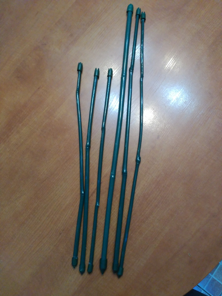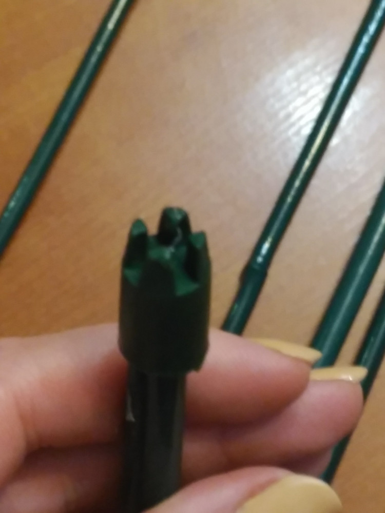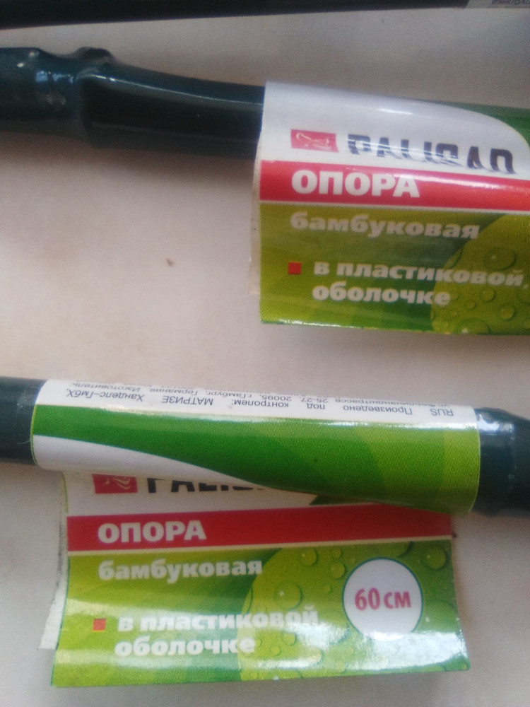 Заказала три 45 см., и три 60 см. Опоры из бамбука покрытые пластиковой плёнкой, довольно прочные не гнутся. Звездочку сняла что разной толщины и кривенькие.
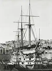 ![]() HMS Hibernia at Malta's drydocks around 1860 | |
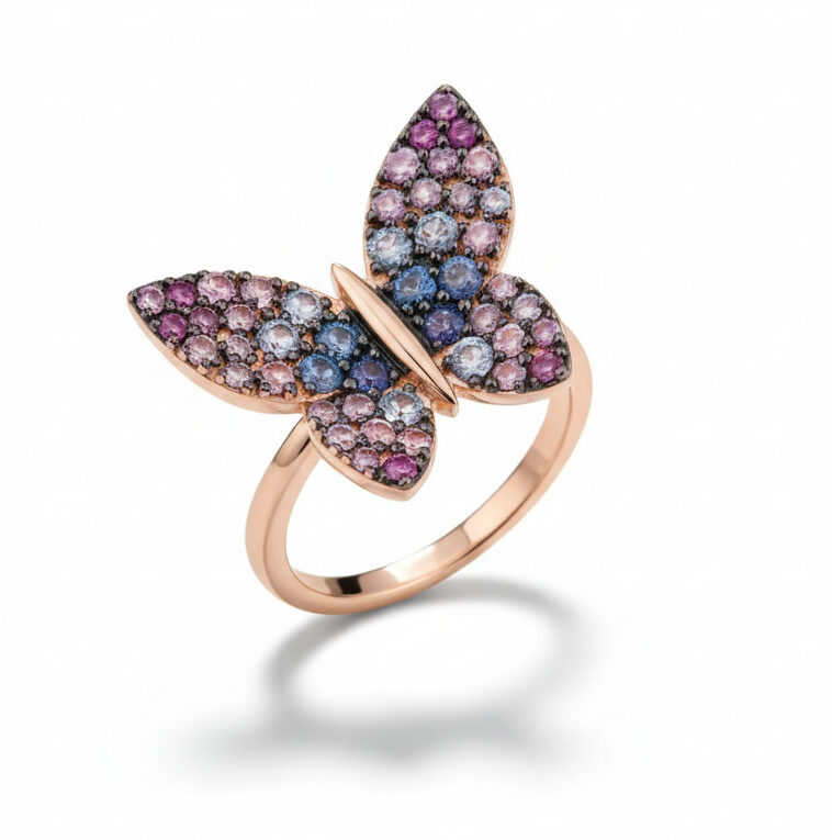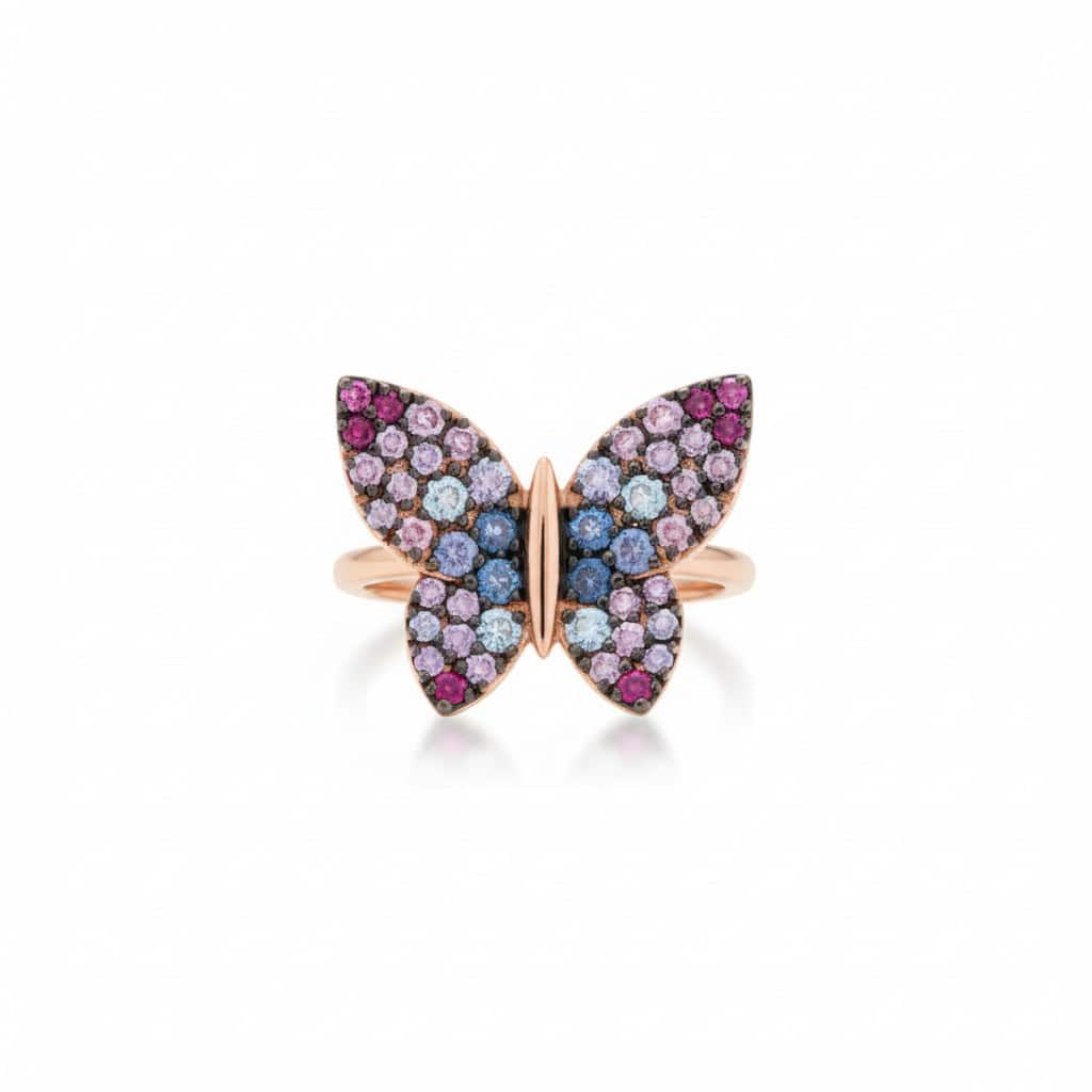 טבעת פרפר אבני חן, זהב לבן, צהוב או ורוד 14K משובץ יהלומים
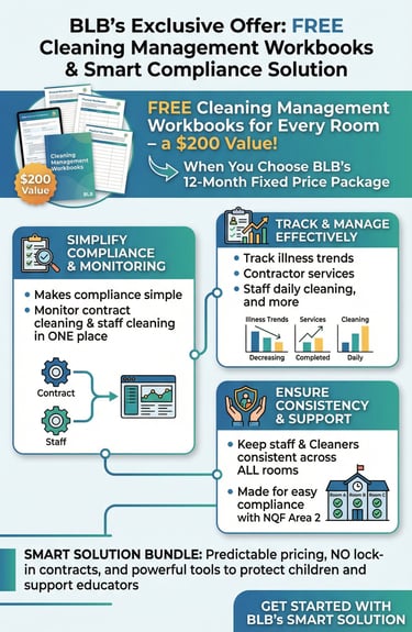 BLB Cleaning Services is built entirely on the ACECQA framework, setting us apart from generic cleaning companies. Every process is sector‑aligned and supported by SMART goals, making tasks measurable, efficient, and outcome‑driven while naturally delivering compliance and healthier childcare environments.
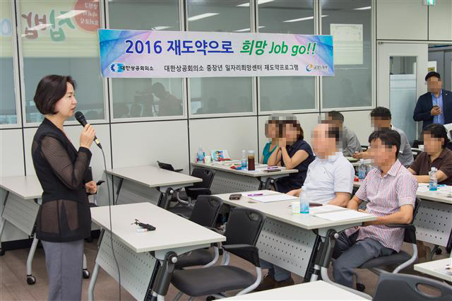 김민혁(46)씨는 “15년 다니던 건설기업을 그만둔 지 2년째”라면서 “새로운 인생을 준비하는 데 이번 강의가 큰 힘이 될 것 같다”고 말했다. 옆에 있던 최철인(51)씨도 “20년 다니던 은행을 명예퇴직하고는 사실 집 밖에 나가기가 싫었다”면서 “1년을 놀고 있으니 너무 무기력해져서 이번 강의를 시작으로 새로운 직업을 찾으려 한다”고 말했다.

══════════

### ABOUT THIS TASK
Reproduce the records in full, exactly as they appear, and show none of the pictures.

### TASK RESULT
 Заказала три 45 см., и три 60 см. Опоры из бамбука покрытые пластиковой плёнкой, довольно прочные не гнутся. Звездочку сняла что разной толщины и кривенькие.
 ![]() HMS Hibernia at Malta's drydocks around 1860 | |
 טבעת פרפר אבני חן, זהב לבן, צהוב או ורוד 14K משובץ יהלומים
 BLB Cleaning Services is built entirely on the ACECQA framework, setting us apart from generic cleaning companies. Every process is sector‑aligned and supported by SMART goals, making tasks measurable, efficient, and outcome‑driven while naturally delivering compliance and healthier childcare environments.
 김민혁(46)씨는 “15년 다니던 건설기업을 그만둔 지 2년째”라면서 “새로운 인생을 준비하는 데 이번 강의가 큰 힘이 될 것 같다”고 말했다. 옆에 있던 최철인(51)씨도 “20년 다니던 은행을 명예퇴직하고는 사실 집 밖에 나가기가 싫었다”면서 “1년을 놀고 있으니 너무 무기력해져서 이번 강의를 시작으로 새로운 직업을 찾으려 한다”고 말했다.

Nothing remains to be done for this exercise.